Announcing Illuminate, a python module for Illumina sequencing metrics
Yesterday, my company, InVitae, allowed me to publicly open-source a library I’ve been working on for the past few months, a python module that provides programmatic access to the binary-formatted metrics output by sequencing runs on the Illumina HiSeq and MiSeq machines.
The aim of this tool was to provide a programmatic interface to the metrics resultant from MiSeq and HiSeq genetic sequencing runs. Up until now, there hasn’t been an Illumina metrics tool you could integrate into your automation pipeline — only Windows-based viewers where the data is stuck on the screen, online services requiring you to send your data over the wire, and a few tentative command-line efforts that feel more like proof-of-concept than tool.

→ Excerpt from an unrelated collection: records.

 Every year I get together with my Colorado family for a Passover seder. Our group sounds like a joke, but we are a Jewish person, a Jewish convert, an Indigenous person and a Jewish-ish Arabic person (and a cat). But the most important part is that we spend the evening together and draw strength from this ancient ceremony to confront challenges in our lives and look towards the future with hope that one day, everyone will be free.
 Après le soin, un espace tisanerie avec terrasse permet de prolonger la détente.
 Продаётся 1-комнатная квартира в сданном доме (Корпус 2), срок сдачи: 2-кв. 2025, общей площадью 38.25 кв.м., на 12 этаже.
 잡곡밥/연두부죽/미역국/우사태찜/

You can use Illuminate as a command-line tool to “illuminate” your MiSeq and HiSeq runs. There’s some support for outputting to file but nothing fancy. (I wrote the CLI using docopt, which made the process actually fun! I hope docopt becomes part of standard python.)
But the real strength of Illuminate is its object-oriented encapsulation of the individual metrics and standardized approach to data delivery. Each parser delivers both a raw data dictionary and a pandas DataFrame, allowing researchers and bioinformaticians a familiar method of data manipulation (pandas feels a lot like R).

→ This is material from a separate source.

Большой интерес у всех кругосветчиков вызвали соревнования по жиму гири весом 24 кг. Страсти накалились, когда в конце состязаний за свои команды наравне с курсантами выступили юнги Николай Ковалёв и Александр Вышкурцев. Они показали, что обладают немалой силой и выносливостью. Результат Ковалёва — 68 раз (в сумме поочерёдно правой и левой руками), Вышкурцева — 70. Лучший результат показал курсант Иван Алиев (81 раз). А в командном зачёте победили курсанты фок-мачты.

When I post something so specialized to a general-purpose personal blog like this one, I can’t help but feel a bit like Rick in one of my favorite episodes of The Young Ones:
“But now after years of stagnation, the TV people have finally woken up to the need for locally-based minority programs! made by amateurs! and perhaps of interest to only 2 or 3 people! It’s IMPORTANT, right?! It’s NOW!”
But I figure, the right folks will know what to do with this library.
There’s a detailed README on the Illuminate repository page, where you can find out what’s required to get this thing going. All feedback gratefully accepted.